Gesamtkunstwerk Ленин

«Октавия. Трепанация» Бориса Юхананова на Holland Festival

текст: Софья Дымова
Detailed_picture© Андрей Безукладников

В фокусе юбилейного, отмечающего семидесятилетие, Holland Festival — тема демократии, трактуемая и исследуемая интендантом Рут Маккензи максимально широко: и как форма общественного устройства, и как принцип равноправия эстетик и стилей, наконец, как попытка уничтожить иерархию между публикой и художниками. «Октавия. Трепанация» Бориса Юхананова и Дмитрия Курляндского, копродукция легендарного форума и столичного «Электротеатра Станиславский», соседствует в программе с документальным спектаклем про Brexit из Лондона, contemporary dance на музыку «Весны священной» из Чили, новыми постановками Робера Лепажа и Ромео Кастеллуччи и традиционным театром Индонезии — в 1947 году, когда в Амстердаме был проведен первый Holland Festival, в стране шел процесс освобождения от голландского колониального режима. Индивидуальной свободе поет осанну и «Октавия. Трепанация».

Терапия, осуществленная на территории искусства, способна вылечить историю.

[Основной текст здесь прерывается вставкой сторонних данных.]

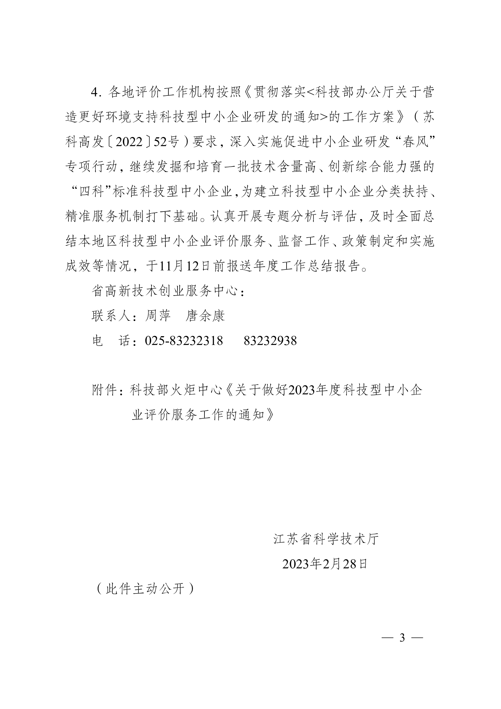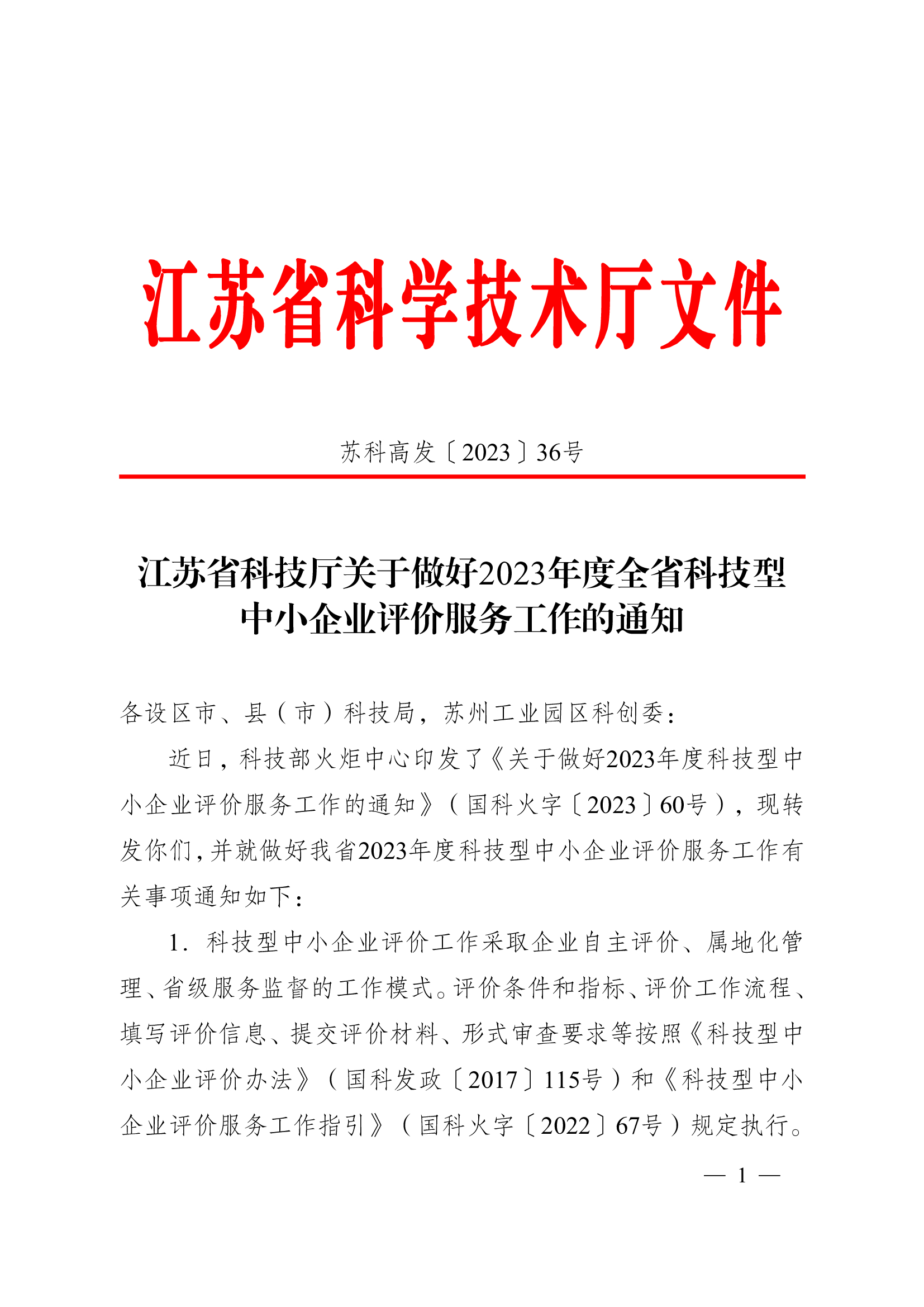 江苏省科技厅关于做好2023年度全省科技型中小企业评价服务工作的通知
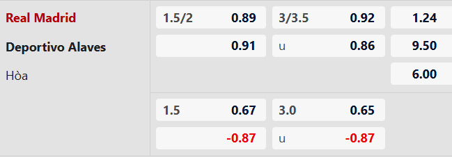 Thông tin tỷ lệ kèo bóng đá Real Madrid vs Alaves:
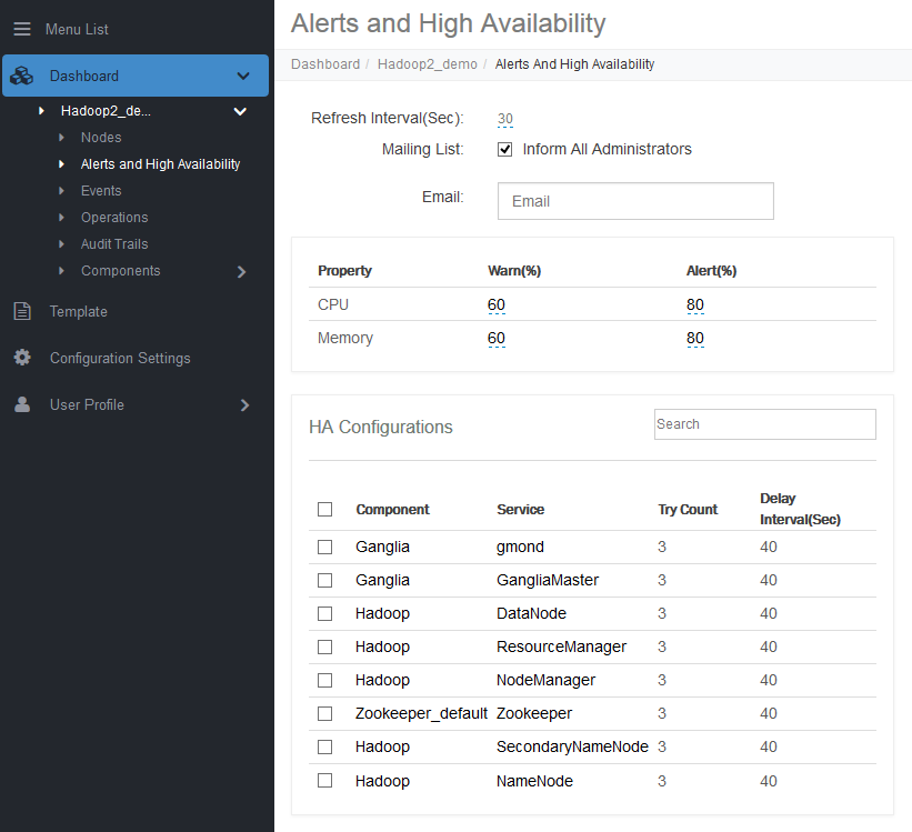 Alert configuration allows the user to configure alert & warning threshold levels for a cluster utilization in terms of CPU and Memory. This feature enables the user to configure thresholds level of alert & warning for CPU & Memory utilization applicable over all the nodes of the cluster on which it is configured.

Опера-инсталляция — с гигантской головой Ленина в центре сцены, с колесницей, запряженной тройкой истлевших кентавров (сценограф — Степан Лукьянов), и с восемью десятками местных хористов, упрятанных в облачения воинов терракотовой армии, — выглядит апофеозом всего пугающего, что имиджево связано с Римской империей, с Советской Россией и с Древним Китаем как частными случаями тирании. Русские идут — так, вероятно, думала амстердамская публика, наблюдая в начале спектакля за четверкой красноармейцев, одетой художницей по костюмам Анастасией Нефедовой в пропитанную кровью кожу. Но операция, которую Юхананов проводит в «Октавии» на мозге Ленина, осуществляется одновременно и на зрительском сознании — снимая фантомные боли и редуцируя страх. В будущем сезоне спектакль доедет до Москвы, ближайшие сеансы «Трепанации» состоятся в октябре в Виченце — на сцене Teatro Olimpico Андреа Палладио.

© Андрей Безукладников

Авторитетная голландская газета NRC Handelsblad назвала музыку Дмитрия Курляндского «опьяняющей». Избавление от опьянения властью — сверхсюжет полуторачасового спектакля, устроенного как сеанс врачевания мозга тирана: в самом начале «Октавии» по лбу истукана бежит лазерная строчка невидимого трепанатора. Хор безголовых воинов, поделенный на два отряда, мерно и почти невидимо копошится, издавая попутно звуки, похожие на стоны: каждого солдата терракотовой армии будут выдергивать из толпы по одному бодрые красноармейцы с винтовками и вести — беспомощных, слепых — на места, уготованные им историей. Спотыкающиеся гиганты, послушно ведомые вооруженной властью, на поклонах снимут свои костюмы — и перед залом предстанет разномастная толпа улыбчивых голландских артистов в футболках с собственными именами: утверждая свободу личности, этот заключительный жест окончательно превращает «Октавию» в подлинно открытый, интернациональный, фестивальный проект в лучшем смысле слова.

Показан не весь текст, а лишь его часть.